Двенадцать железных цепей - Яна Лехчина
Шрифт:
Интервал:
Закладка:
Это море совсем не напоминало то, которое Ольжана видела на юге, в тачератском порту. Не скованное пристанями, оно выглядело необузданным и своевольным – в такую погоду и в таком месте застала его Ольжана. Она вспоминала, с какой силой море качало её тело, и завидовала всем жителям соседних местечек: надо же, такое чудо под боком.
– Доброе утро, госпожа Ольжана! – крикнули ей сверху. – Осторожно. И так слежу, чтобы никто не украл вас в Кубретском господарстве. Что прикажете делать, если вас утащит море?
Ольжана развернулась.
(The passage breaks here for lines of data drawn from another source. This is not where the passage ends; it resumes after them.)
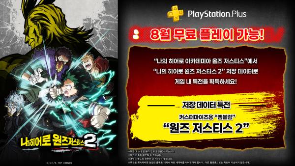5일부터 PS플러스 멤버십 가입자라면 오는 9월 1일까지 기간 한정으로 ‘나의 히어로 아카데미아 원즈 저스티즈 2’를 무료로 플레이 할 수 있다. 이 게임은 원작 애니메이션인 '나의 히어로 아카데미아' 속 스테이지를 종횡무진 누비며, 등장 캐릭터의 개성(초능력)을 구사해 초인적인 힘을 사용한 박력 넘치는 배틀을 다룬다.
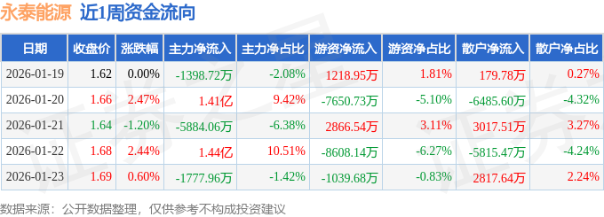 资金流向数据方面,本周永泰能源主力资金合计净流入1.95亿元,游资资金合计净流出1.32亿元,散户资金合计净流出6286.14万元。本周资金流向一览见下表:
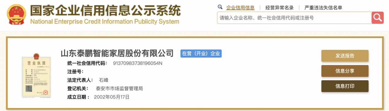 据查,山东泰鹏智能家居股份有限公司成立于2002-05-17,法定代表人为石峰,注册资本为5916万元,经营范围包含:家具制造;家居用品制造;体育用品及器材制造等。该公司大股东为山东泰鹏集团有限公司,持股57.18%。
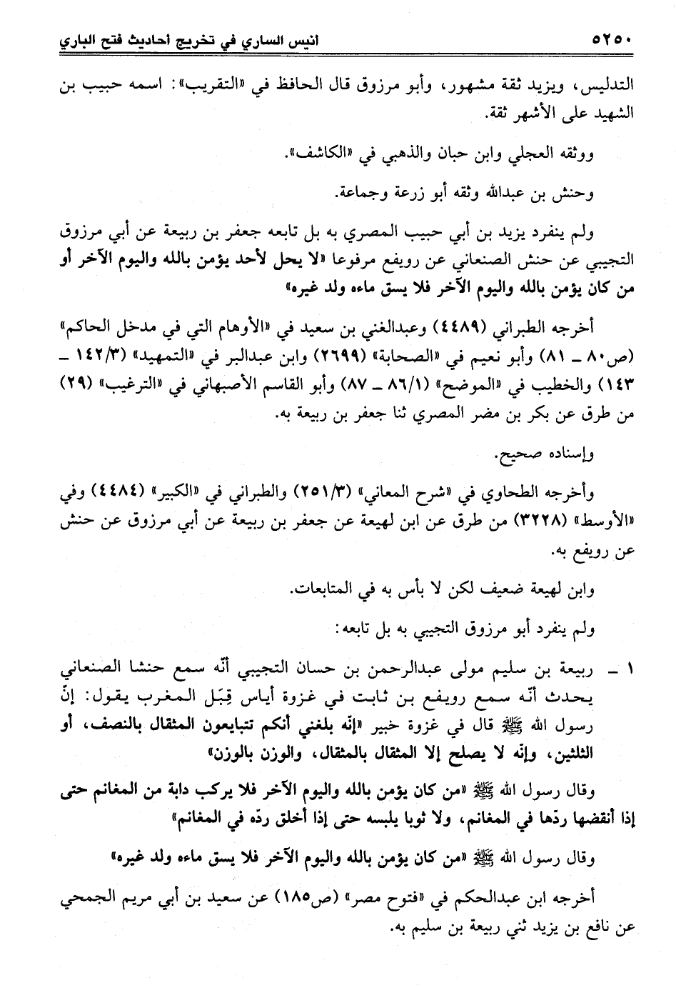 ولم ينفرد يزيد بن أبي حبيب المصري به بل تابعه جعفر بن ربيعة عن أبي مرزوق التجيبي عن حنش الصنعاني عن رويفع مرفوعاً "لا يحل لأحد يؤمن بالله واليوم الآخر أو من كان يؤمن بالله واليوم الآخر فلا يسق ماءه ولد غيره"

Волосы хлестнули по спине – после вчерашнего купания особенно пушистые.
– Ла-але! – Она удобнее перехватила обувь.
Лале стоял на уступе над берегом. Дожидаясь её, осторожно сел полубоком и свесил больную ногу. Протянул ей руку, чтобы помочь забраться, но Ольжана застеснялась карабкаться при нём. Обулась, сорвала с плеч платок и быстро через него перекинулась. Вспорхнула наверх – и ударилась о каменистую землю.
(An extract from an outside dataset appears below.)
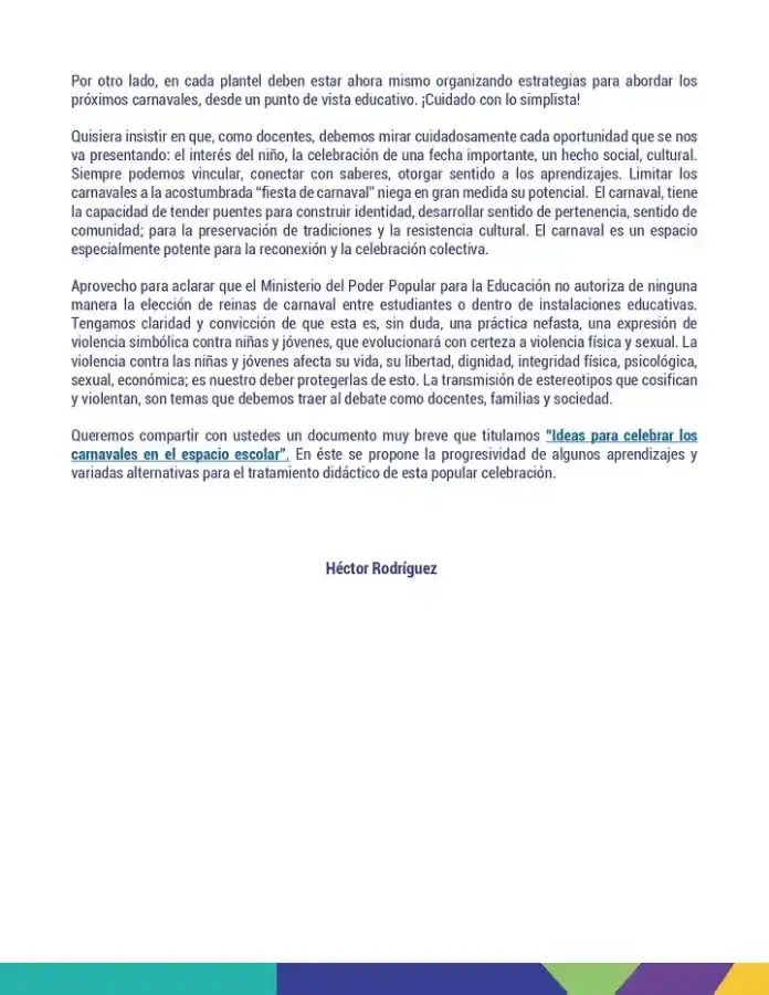 En el Boletín Informativo número 16 de fecha 13 de febrero, el Ministro de Educación, Héctor Rodríguez, suspendió las elecciones de reinas de carnaval en las instituciones educativas.

– Обидно, – заметил Лале с лёгкой улыбкой. – Мессиру Юргену вы позволили себе помочь.
«У мессира Юргена спина цела и рука не пришита», – подумала Ольжана, но вслух сказала:
– Так вам ещё целый день кибиткой править. Успеете устать.
Улыбка Лале стала ехидной.
– А вас на слове не поймаешь. Нет чтобы признаться: хлипкий вы, братец Лазар.
– Ну нет. – Ольжана оправила юбку, устроилась поудобнее на уступе: чуть наискось от Лале. – Вы чудо какой хорошенький и очень мне нравитесь. – Склонила голову. – Когда поедем?
– Скоро. Если мессир Юрген не против, разумеется.
На этот раз «мессир Юрген» прозвучало с издёвкой.
Ольжана вздохнула.
– Он вам не нравится, понимаю. – Проследила взглядом за чайкой, кружащей над водой. – Он недоверчивый, как и я, но на самом деле славный. Вам не стоит… – Посмотрела на трость, лежавшую рядом с Лале. Когда он звал Ольжану с уступа, то не опирался на неё. – Беспокоиться.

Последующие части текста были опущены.